• **What the task requires**
Among the entries below, copy only the span from the line containing "Finned coil: Built" through the line containing "ツシマヤマネコは、韓国にほど". Do so exactly, and skip the pictures.

• **Dataset records**
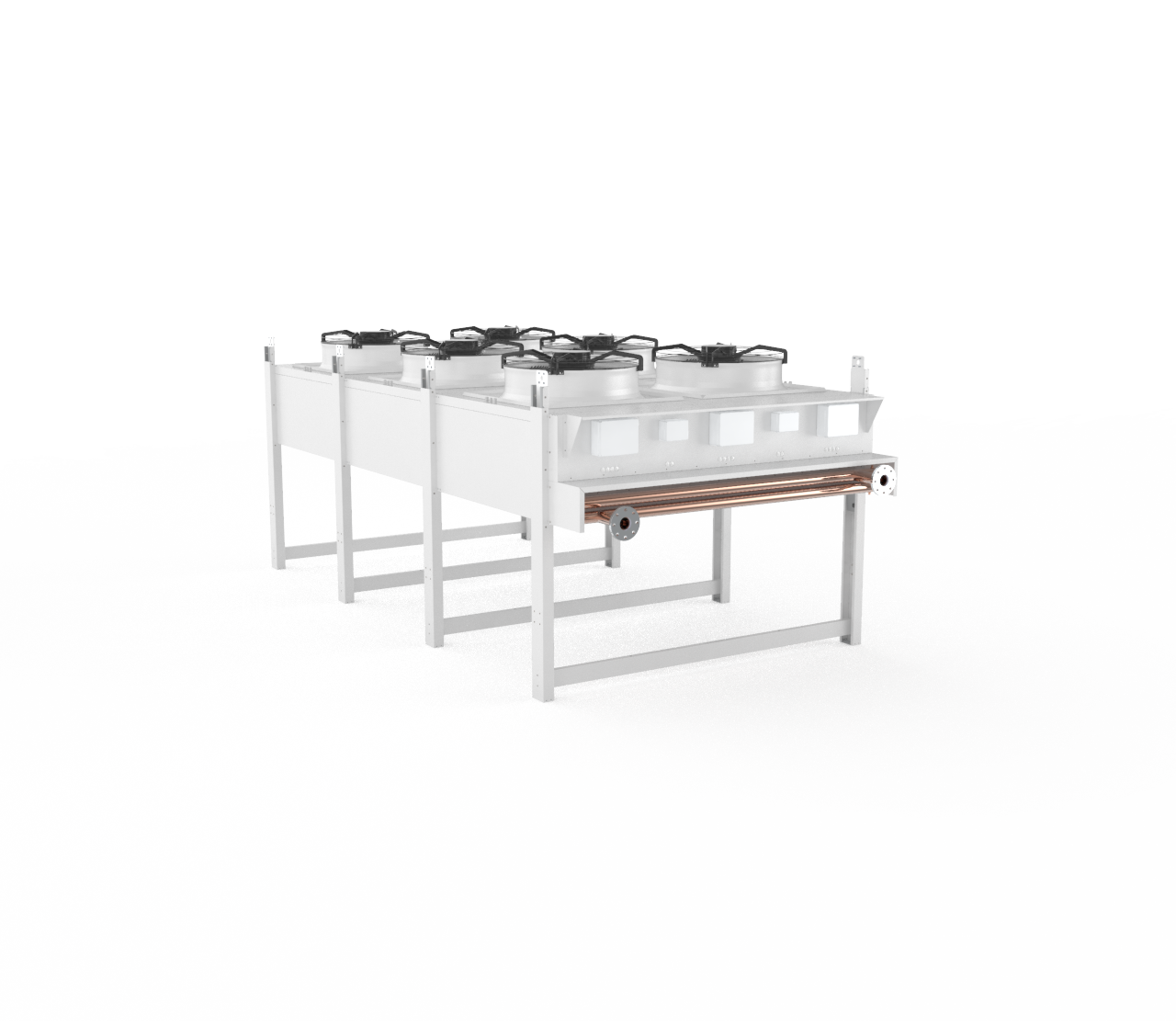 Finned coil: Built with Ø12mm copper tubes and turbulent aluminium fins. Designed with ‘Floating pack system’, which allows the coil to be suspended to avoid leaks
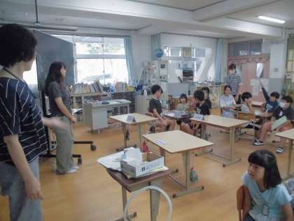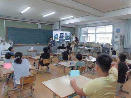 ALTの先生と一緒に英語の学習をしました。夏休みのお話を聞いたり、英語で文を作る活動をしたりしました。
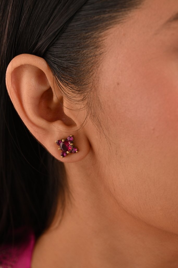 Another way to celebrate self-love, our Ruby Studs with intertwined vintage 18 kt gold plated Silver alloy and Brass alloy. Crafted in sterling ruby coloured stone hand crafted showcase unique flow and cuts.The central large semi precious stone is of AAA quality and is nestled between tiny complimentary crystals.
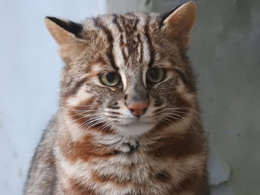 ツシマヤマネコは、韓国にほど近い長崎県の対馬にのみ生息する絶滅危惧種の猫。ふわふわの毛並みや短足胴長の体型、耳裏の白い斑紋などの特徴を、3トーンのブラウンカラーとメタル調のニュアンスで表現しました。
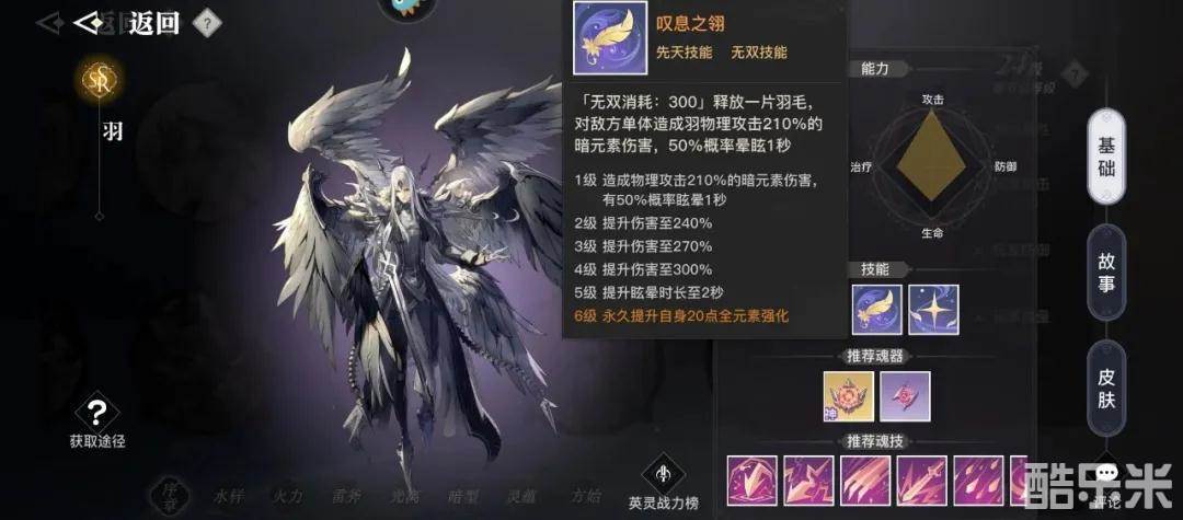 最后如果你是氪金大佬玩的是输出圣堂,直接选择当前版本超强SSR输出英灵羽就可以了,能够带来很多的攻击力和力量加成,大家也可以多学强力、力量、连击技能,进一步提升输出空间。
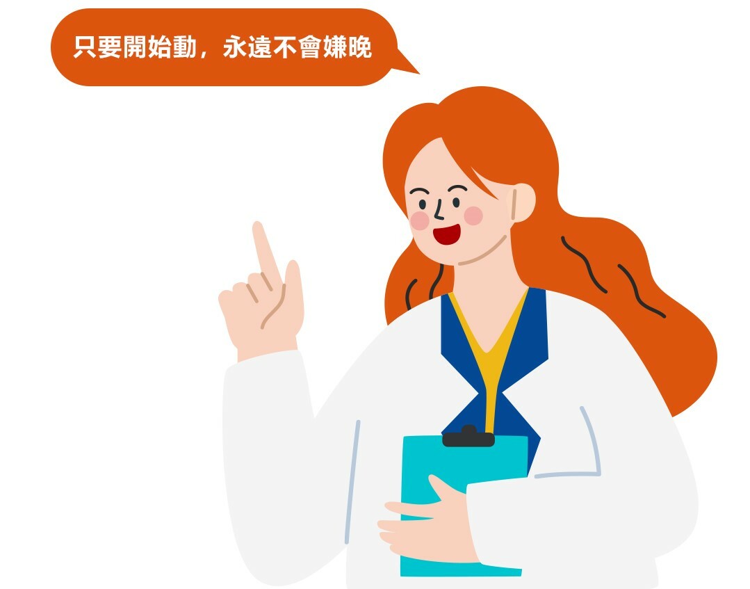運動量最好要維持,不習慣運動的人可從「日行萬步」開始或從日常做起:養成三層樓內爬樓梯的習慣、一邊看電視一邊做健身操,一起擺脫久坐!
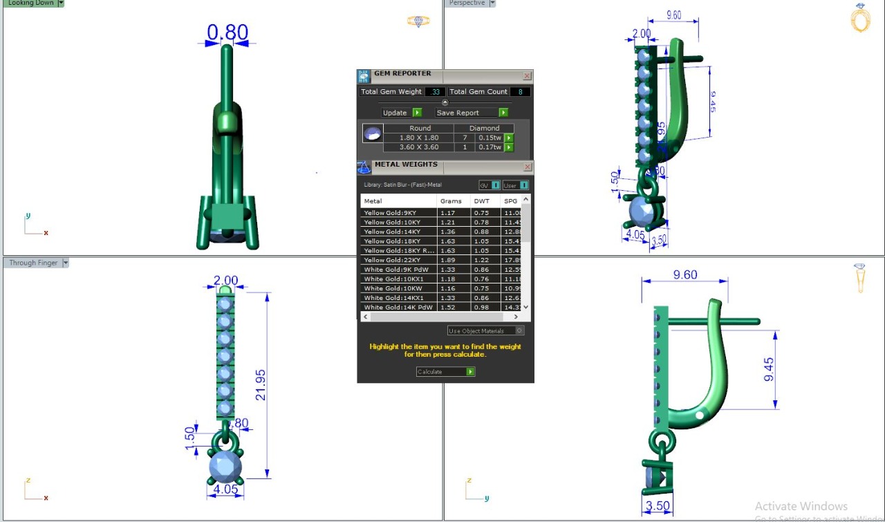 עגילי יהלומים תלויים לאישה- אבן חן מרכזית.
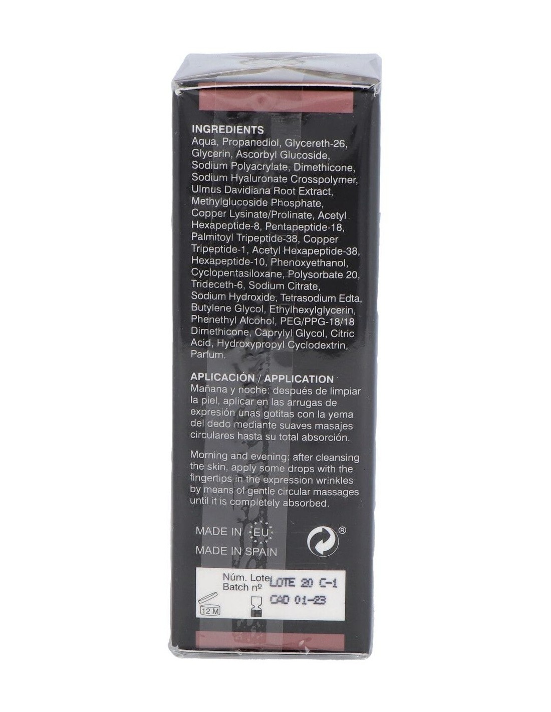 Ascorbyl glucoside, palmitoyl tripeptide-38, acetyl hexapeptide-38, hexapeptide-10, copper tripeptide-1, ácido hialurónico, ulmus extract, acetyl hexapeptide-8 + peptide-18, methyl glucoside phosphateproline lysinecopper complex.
==
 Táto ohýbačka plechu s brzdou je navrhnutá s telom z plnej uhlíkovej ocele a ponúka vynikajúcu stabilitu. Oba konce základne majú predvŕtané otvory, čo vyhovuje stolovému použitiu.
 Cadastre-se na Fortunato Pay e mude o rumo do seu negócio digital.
* * *
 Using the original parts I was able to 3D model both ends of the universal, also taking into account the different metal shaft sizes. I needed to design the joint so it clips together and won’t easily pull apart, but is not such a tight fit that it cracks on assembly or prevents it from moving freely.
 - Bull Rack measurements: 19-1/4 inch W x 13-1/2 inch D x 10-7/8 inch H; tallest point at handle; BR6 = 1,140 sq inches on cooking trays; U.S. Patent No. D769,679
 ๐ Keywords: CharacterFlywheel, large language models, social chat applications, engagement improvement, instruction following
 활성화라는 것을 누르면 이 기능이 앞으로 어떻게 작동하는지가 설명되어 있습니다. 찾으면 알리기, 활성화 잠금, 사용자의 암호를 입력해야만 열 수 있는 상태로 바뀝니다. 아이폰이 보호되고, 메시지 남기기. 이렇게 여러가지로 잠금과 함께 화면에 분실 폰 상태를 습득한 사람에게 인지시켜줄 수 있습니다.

• **Reply**
 Finned coil: Built with Ø12mm copper tubes and turbulent aluminium fins. Designed with ‘Floating pack system’, which allows the coil to be suspended to avoid leaks
 ALTの先生と一緒に英語の学習をしました。夏休みのお話を聞いたり、英語で文を作る活動をしたりしました。
 Another way to celebrate self-love, our Ruby Studs with intertwined vintage 18 kt gold plated Silver alloy and Brass alloy. Crafted in sterling ruby coloured stone hand crafted showcase unique flow and cuts.The central large semi precious stone is of AAA quality and is nestled between tiny complimentary crystals.
 ツシマヤマネコは、韓国にほど近い長崎県の対馬にのみ生息する絶滅危惧種の猫。ふわふわの毛並みや短足胴長の体型、耳裏の白い斑紋などの特徴を、3トーンのブラウンカラーとメタル調のニュアンスで表現しました。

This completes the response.